What do I do? Where do I go from here? Nothing has worked, and
everyones advice that he'll grow out of it seems to be totally
inaccurate since we are coming up to almost a year of it. Any advice
would be greatly appreciated."

Henry sounds a lot like my second son. He has extremely intense emotions, and is the most loving child I've ever met. But his emotions are so intense that he has a truly hard time dealing with them, and that results in a lot of hitting (and sometimes biting) and now threatening with words. It's been going on since he was a toddler, and it seems to me as if his aggression just flares up when he feels misunderstood or thwarted and he doesn't know how to make himself feel better about a situation.

The only thing that seems to help is to talk out his feelings with him, to allow him to be angry but to express it verbally instead of physically. When he was littler and not verbal what helped was saying what I guessed he was feeling, about being angry or frustrated. He could nod his head when I hit the right emotions. Now I can say, "How does that make you feel?"

I've also started noticing that when I do a more general debriefing of the day at night and in the morning of what happened that day or the day before and how he felt about it, he seems to do less aggressive acting out. It's almost as if he knows he's being understood and will have his chance to state his emotional case, so he can control the lashing out a little more.

Have you ever felt like the world was on your last nerve? That must be what it's like to be a really intensely emotional child. Anything is going to set you off, and you won't have the emotional space to pull back. So I think trying to make your child feel understood, and taking the focus off the kids he hits and more onto his own emotions just might help. But it seems like a more constant process (of daily check-ins) than just stopping it at the time.

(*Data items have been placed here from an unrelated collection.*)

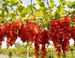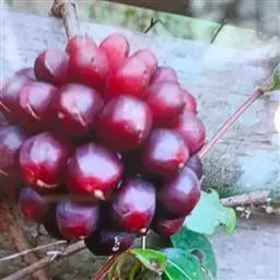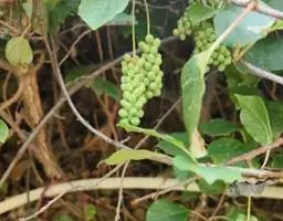 3、搭架:移植后第二年即应搭架。可用水泥柱或角钢做立柱,用木杆或8号铁线在立柱上部拉一横线,每个主蔓处立一竹杆或木杆,竹杆高2.5—3米,直径1.5—5厘米,用绑线固定在横线上,然后引蔓上架,开始时可用强绑,之后即自然缠绕上架。
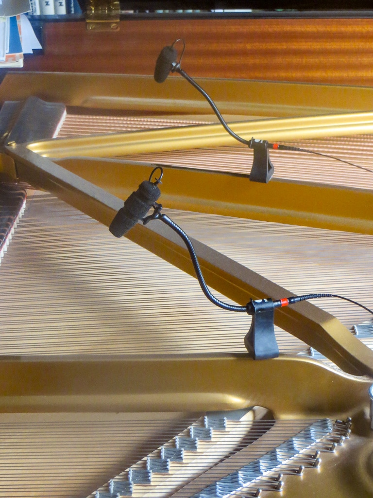 Zum Test der Mikrofone stand uns ein Steinway-Flügel B-211 zur Verfügung. Häufig wird dieser als „der perfekte Flügel“ bezeichnet. Und obwohl das natürlich Marketing-Talk ist, handelt es sich auf jeden Fall um ein sehr hochwertiges und nuancenreiches Instrument, das aufgrund seiner reichen Skala an Klangfarben und seines lebendigen Tons bestens für Studios und mittlere Veranstaltungsräume geeignet ist – eine anspruchsvolle Aufgabe für jedes Mikrofon.
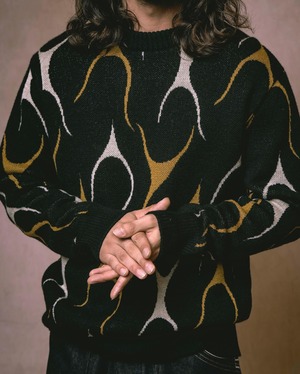 AT-DIRTYより FLAMES KNITがリリース。 好評のファイアーパターンを配したニット。 オリジナルのフレームスをジャガードで表現。 WOOL 50% ACRYL 50% MADE IN JAPAN 〈SIZE〉 S 着丈 64㎝ 身幅 52㎝ 肩幅 41㎝ 袖丈 59㎝ M 着丈 66㎝ 身幅 54㎝ 肩幅 43㎝ 袖丈 60㎝ L 着丈 68㎝ 身幅 56㎝ 肩幅 45㎝ 袖丈 61㎝ XL 着丈 70㎝ 身幅 58㎝ 肩幅 47㎝ 袖丈 62㎝ ※多少の誤差はご了承ください。
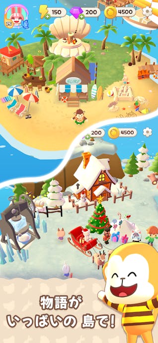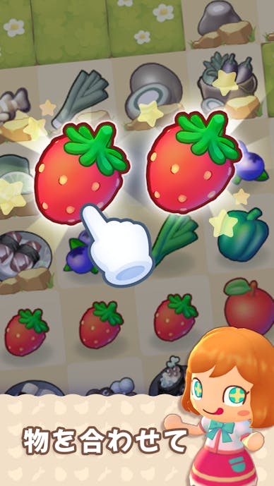 果物や野菜など同じピースを2つ合わせて進化させ、できたアイテムを動物たちに渡すと施設が増えて島がどんどん賑やかになります。
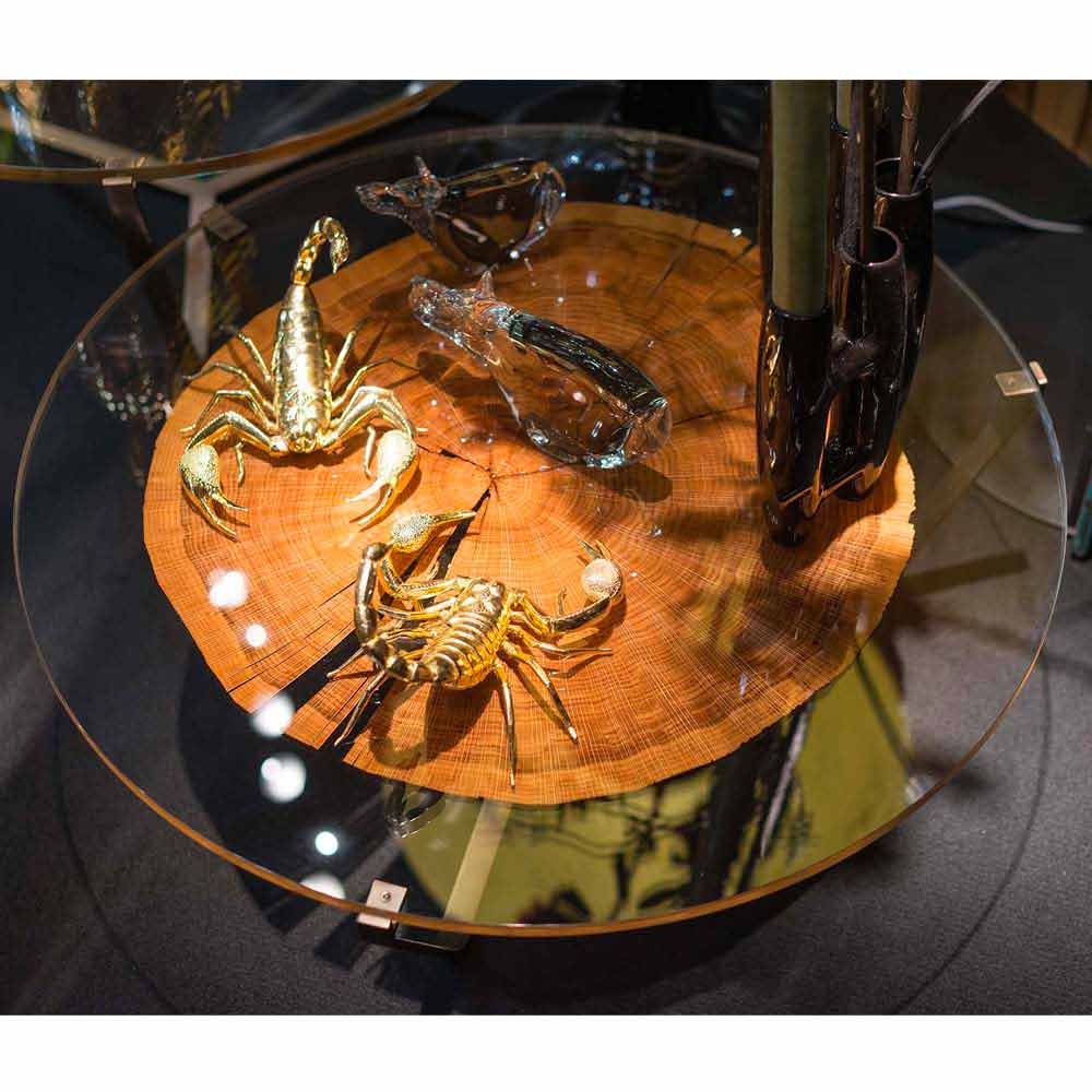 Podlaha se skládá ze dvou spojených vrstev skla 5 + 5 cm, které obsahují část dřevěné dýhy hlavy, podporovaný nohy v kartáčované mosazi.

I'm going to try it out even more over the next few weeks, and if any of you with intense kids who are physically acting out would volunteer to try it out, too, we could see if it's a plan that helps. Because that feeling of not knowing how to stop your child (who you KNOW is loving) from hurting other kids is horrible.

Any comments?

Q&A: 2.5 year old screaming in the bath

Jessica writes:

"Several weeks ago, my 2.5-year-old son decided he wanted to try wearing underwear. He did it for a week, many accidents ensued, and by Thursday, he started holding his poop because he was afraid to have an accident. He held it all day, and finally, during his bath that evening, he couldn't hold it any longer. It wasn't the first time ever that he'd pooped in the bath, but it had been at least a year and he surely didn't remember ever doing it before. I tried to react in a
nonthreatening way. I got a little bit "OMG POOP" on him and told him he had to get out of the bath right away. Then I calmed myself so I could keep him calm, told him it was okay and that I'd clean it up after he was in bed. So we did the bedtime routine, got him in bed, and I cleaned it up. I thought that was it. It was the end of potty-trying for now, though. He's happily back in diapers. Which is fine.

But my question is not about potty training.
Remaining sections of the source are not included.